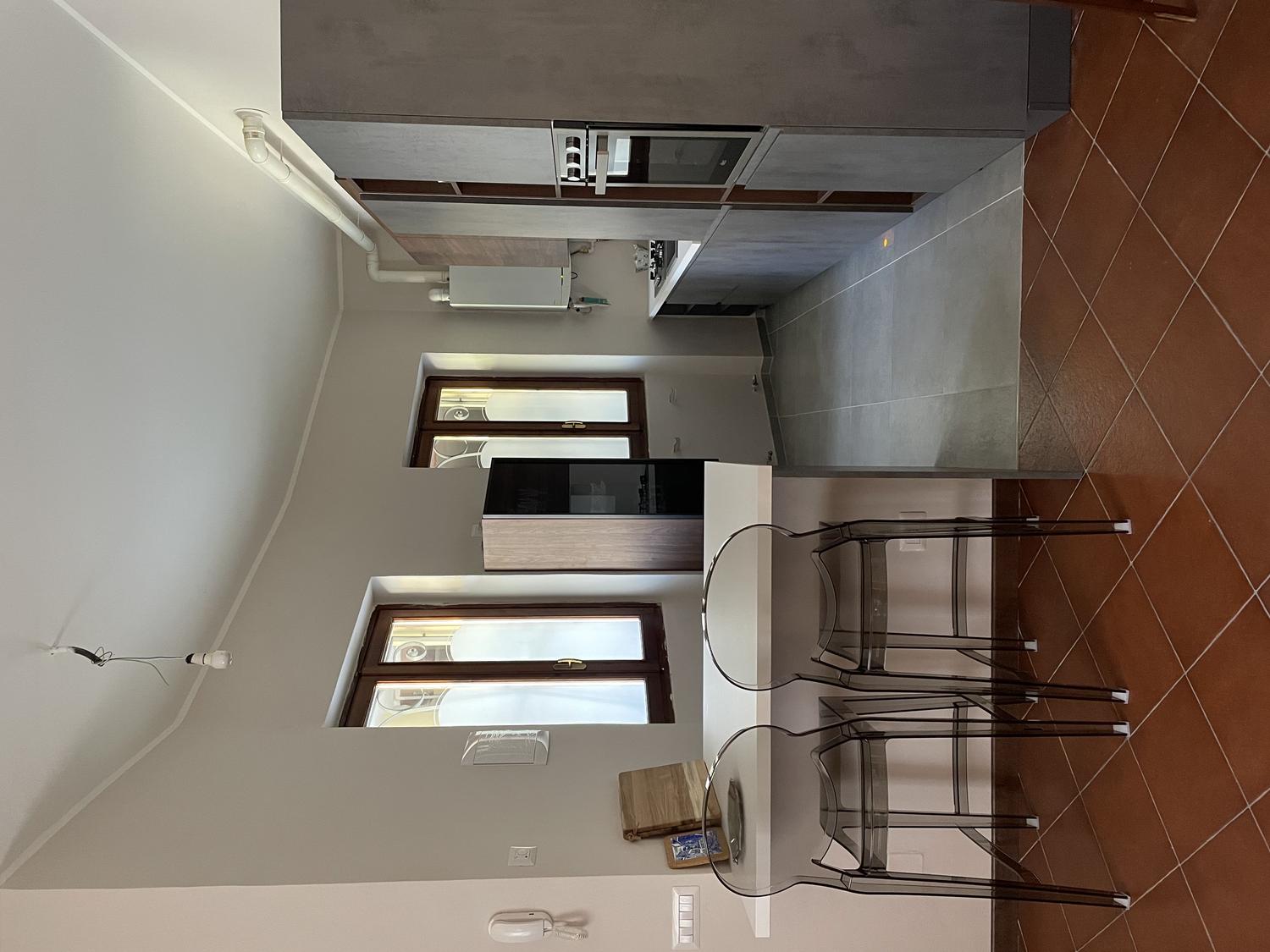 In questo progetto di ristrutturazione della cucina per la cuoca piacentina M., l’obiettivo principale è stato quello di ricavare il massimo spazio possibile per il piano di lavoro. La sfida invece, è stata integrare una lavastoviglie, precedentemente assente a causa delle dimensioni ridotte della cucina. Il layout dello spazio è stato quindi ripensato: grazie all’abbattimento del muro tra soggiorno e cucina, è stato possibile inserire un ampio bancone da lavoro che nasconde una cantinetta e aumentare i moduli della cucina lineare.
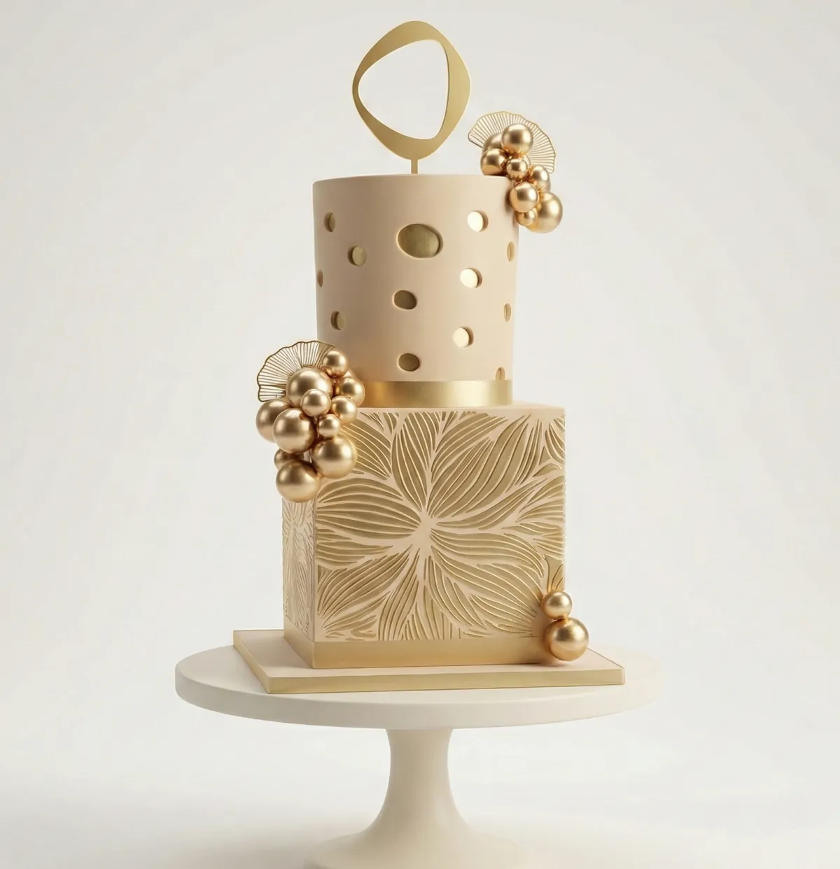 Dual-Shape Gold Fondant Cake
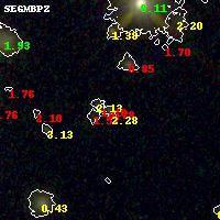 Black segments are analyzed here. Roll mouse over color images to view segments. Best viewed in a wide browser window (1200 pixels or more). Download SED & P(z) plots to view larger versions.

○ ○ ○ ○ ○

▶ **Work to be completed**:
Could you reproduce the listing above word for word while leaving out its pictures?

▶ **Expected answer**:
 In questo progetto di ristrutturazione della cucina per la cuoca piacentina M., l’obiettivo principale è stato quello di ricavare il massimo spazio possibile per il piano di lavoro. La sfida invece, è stata integrare una lavastoviglie, precedentemente assente a causa delle dimensioni ridotte della cucina. Il layout dello spazio è stato quindi ripensato: grazie all’abbattimento del muro tra soggiorno e cucina, è stato possibile inserire un ampio bancone da lavoro che nasconde una cantinetta e aumentare i moduli della cucina lineare.
 Dual-Shape Gold Fondant Cake
 Black segments are analyzed here. Roll mouse over color images to view segments. Best viewed in a wide browser window (1200 pixels or more). Download SED & P(z) plots to view larger versions.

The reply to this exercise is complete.